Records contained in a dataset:
━━━━━━
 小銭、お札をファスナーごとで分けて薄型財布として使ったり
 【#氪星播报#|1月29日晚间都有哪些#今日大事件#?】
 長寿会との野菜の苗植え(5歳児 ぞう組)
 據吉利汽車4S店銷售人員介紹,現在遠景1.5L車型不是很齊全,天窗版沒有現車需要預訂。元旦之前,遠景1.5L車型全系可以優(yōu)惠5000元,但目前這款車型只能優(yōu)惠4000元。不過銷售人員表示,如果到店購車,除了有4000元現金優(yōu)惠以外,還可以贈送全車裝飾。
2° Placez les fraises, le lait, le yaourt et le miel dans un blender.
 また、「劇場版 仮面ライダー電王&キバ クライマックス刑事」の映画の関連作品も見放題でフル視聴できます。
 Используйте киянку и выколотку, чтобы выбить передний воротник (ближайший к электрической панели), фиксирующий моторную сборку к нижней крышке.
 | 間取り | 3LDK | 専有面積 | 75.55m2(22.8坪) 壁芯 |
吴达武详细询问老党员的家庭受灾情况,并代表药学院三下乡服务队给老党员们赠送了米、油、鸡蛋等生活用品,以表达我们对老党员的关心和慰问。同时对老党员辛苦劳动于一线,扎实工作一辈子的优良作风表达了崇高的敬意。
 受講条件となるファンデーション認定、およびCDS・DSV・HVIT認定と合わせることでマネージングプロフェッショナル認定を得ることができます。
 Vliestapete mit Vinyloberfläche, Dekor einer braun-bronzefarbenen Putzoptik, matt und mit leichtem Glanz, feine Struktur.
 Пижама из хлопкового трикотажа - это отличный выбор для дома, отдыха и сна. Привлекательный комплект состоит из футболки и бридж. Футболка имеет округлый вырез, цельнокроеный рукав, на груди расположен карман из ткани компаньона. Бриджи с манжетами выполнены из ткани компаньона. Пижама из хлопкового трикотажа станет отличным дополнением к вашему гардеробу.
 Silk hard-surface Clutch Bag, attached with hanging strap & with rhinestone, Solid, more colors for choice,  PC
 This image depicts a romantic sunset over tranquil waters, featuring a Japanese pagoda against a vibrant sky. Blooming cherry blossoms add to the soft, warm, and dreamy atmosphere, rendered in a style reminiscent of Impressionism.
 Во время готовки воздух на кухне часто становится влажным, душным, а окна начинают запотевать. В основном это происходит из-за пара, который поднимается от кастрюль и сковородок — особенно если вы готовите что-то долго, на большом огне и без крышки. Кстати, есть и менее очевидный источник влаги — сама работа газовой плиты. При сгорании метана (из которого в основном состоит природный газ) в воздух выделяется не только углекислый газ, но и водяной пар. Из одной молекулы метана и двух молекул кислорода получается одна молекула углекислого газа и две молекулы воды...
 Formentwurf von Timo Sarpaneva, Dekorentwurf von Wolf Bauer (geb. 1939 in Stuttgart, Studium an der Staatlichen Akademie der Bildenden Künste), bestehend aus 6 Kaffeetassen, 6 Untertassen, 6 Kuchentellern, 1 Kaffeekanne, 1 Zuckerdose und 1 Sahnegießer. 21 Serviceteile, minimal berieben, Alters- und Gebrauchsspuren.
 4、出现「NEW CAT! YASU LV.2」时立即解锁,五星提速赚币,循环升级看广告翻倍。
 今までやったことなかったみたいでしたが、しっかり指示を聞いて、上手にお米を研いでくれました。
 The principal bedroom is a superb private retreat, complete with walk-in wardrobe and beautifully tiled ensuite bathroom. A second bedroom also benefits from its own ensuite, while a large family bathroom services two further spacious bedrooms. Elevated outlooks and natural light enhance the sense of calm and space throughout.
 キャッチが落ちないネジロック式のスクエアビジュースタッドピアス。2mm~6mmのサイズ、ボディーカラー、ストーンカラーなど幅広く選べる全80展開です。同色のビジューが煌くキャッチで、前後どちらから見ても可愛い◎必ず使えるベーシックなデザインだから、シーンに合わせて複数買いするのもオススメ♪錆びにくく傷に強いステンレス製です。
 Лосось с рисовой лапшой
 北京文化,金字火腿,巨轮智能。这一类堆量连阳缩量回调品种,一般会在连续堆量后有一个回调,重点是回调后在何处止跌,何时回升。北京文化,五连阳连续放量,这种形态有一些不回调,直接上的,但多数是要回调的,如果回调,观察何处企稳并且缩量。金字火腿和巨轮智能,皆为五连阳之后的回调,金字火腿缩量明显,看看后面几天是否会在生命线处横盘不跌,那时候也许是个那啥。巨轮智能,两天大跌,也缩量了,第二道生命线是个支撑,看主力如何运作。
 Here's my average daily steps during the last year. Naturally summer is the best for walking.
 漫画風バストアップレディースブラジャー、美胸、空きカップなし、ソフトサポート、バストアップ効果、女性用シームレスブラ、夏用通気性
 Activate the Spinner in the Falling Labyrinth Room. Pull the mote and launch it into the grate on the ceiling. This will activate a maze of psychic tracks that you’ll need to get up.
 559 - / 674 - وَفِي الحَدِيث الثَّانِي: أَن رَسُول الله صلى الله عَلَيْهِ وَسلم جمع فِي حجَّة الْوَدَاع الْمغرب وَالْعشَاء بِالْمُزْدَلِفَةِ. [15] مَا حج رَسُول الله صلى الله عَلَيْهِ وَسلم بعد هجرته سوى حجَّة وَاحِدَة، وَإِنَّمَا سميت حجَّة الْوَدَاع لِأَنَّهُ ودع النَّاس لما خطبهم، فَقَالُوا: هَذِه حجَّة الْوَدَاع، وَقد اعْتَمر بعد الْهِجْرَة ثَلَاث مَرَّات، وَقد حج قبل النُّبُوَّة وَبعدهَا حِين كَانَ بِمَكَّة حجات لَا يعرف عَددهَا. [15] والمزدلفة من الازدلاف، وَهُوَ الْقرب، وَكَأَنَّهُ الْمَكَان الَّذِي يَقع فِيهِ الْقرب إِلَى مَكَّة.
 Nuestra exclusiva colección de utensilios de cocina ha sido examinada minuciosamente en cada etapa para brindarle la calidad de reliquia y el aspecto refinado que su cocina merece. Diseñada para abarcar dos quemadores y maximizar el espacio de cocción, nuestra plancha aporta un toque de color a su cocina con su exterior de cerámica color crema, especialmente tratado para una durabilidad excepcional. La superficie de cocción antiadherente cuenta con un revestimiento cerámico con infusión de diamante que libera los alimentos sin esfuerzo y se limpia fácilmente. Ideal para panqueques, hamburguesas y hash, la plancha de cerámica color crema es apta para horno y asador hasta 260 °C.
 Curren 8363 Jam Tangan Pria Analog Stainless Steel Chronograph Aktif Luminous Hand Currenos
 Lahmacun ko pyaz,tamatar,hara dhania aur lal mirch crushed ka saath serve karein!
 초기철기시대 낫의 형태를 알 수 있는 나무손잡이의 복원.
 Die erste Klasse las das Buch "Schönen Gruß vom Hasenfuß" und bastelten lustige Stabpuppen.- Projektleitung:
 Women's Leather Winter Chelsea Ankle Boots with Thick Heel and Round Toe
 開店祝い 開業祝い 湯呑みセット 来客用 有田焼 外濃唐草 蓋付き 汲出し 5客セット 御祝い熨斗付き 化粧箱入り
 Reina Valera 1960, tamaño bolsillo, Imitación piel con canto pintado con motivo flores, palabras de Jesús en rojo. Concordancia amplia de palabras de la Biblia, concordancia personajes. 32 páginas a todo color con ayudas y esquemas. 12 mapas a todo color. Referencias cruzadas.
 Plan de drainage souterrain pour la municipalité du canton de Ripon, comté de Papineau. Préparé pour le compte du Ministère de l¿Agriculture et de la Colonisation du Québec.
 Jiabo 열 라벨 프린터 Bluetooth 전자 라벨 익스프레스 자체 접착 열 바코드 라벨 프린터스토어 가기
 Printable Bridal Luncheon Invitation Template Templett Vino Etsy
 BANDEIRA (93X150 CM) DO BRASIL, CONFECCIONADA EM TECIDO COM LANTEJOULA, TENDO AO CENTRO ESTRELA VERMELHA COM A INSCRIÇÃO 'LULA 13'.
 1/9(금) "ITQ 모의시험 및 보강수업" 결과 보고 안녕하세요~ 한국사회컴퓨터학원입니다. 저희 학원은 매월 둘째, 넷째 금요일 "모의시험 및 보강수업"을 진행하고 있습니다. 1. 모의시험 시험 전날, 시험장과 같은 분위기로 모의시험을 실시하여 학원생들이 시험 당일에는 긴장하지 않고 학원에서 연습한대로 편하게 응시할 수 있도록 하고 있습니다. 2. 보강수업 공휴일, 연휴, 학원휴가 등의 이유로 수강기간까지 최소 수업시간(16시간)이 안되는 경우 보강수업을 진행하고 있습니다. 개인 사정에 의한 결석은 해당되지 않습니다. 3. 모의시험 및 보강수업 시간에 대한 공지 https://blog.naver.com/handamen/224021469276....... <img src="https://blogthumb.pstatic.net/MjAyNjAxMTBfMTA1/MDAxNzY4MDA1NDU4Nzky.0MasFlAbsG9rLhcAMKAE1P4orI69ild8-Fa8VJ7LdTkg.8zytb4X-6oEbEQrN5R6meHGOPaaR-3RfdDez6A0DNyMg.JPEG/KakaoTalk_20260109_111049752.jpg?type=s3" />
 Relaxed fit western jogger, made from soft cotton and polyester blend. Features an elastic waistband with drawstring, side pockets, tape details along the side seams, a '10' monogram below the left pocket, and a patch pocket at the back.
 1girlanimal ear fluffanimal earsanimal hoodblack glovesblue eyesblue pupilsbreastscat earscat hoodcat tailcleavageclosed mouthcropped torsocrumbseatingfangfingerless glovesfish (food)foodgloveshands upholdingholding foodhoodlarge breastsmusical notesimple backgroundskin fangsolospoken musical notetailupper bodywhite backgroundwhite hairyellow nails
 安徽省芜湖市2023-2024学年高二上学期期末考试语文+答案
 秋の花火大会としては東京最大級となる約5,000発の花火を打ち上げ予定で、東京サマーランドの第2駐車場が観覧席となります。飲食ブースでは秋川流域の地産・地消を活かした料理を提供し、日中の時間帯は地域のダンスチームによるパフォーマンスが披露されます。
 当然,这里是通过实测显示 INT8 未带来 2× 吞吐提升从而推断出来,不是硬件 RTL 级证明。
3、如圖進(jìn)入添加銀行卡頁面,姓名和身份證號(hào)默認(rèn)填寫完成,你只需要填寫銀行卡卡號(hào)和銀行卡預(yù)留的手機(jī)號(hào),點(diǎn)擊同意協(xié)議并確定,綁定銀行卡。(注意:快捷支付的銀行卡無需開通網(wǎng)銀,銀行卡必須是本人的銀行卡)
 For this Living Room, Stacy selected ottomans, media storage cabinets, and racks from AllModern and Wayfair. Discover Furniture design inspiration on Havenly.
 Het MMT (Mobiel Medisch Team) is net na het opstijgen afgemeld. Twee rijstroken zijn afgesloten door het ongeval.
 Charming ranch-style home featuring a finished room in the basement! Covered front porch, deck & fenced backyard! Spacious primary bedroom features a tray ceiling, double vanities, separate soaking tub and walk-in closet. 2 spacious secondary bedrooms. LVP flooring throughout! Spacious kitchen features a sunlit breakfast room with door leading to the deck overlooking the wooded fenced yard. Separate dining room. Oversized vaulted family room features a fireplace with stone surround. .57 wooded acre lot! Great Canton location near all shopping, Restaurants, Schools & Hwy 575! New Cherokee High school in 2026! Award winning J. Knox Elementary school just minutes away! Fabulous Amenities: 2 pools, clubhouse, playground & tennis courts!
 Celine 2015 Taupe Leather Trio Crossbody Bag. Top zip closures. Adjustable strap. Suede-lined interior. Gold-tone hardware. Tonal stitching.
━━━━━━
PROBLEM DESCRIPTION ->
Which lines above run from the one containing "Nuestra exclusiva colección" to the one containing "Reina Valera 1960, tamaño"? Give them again exactly, both ends included.

EXERCISE RESPONSE ->
 Nuestra exclusiva colección de utensilios de cocina ha sido examinada minuciosamente en cada etapa para brindarle la calidad de reliquia y el aspecto refinado que su cocina merece. Diseñada para abarcar dos quemadores y maximizar el espacio de cocción, nuestra plancha aporta un toque de color a su cocina con su exterior de cerámica color crema, especialmente tratado para una durabilidad excepcional. La superficie de cocción antiadherente cuenta con un revestimiento cerámico con infusión de diamante que libera los alimentos sin esfuerzo y se limpia fácilmente. Ideal para panqueques, hamburguesas y hash, la plancha de cerámica color crema es apta para horno y asador hasta 260 °C.
 Curren 8363 Jam Tangan Pria Analog Stainless Steel Chronograph Aktif Luminous Hand Currenos
 Lahmacun ko pyaz,tamatar,hara dhania aur lal mirch crushed ka saath serve karein!
 초기철기시대 낫의 형태를 알 수 있는 나무손잡이의 복원.
 Die erste Klasse las das Buch "Schönen Gruß vom Hasenfuß" und bastelten lustige Stabpuppen.- Projektleitung:
 Women's Leather Winter Chelsea Ankle Boots with Thick Heel and Round Toe
 開店祝い 開業祝い 湯呑みセット 来客用 有田焼 外濃唐草 蓋付き 汲出し 5客セット 御祝い熨斗付き 化粧箱入り
 Reina Valera 1960, tamaño bolsillo, Imitación piel con canto pintado con motivo flores, palabras de Jesús en rojo. Concordancia amplia de palabras de la Biblia, concordancia personajes. 32 páginas a todo color con ayudas y esquemas. 12 mapas a todo color. Referencias cruzadas.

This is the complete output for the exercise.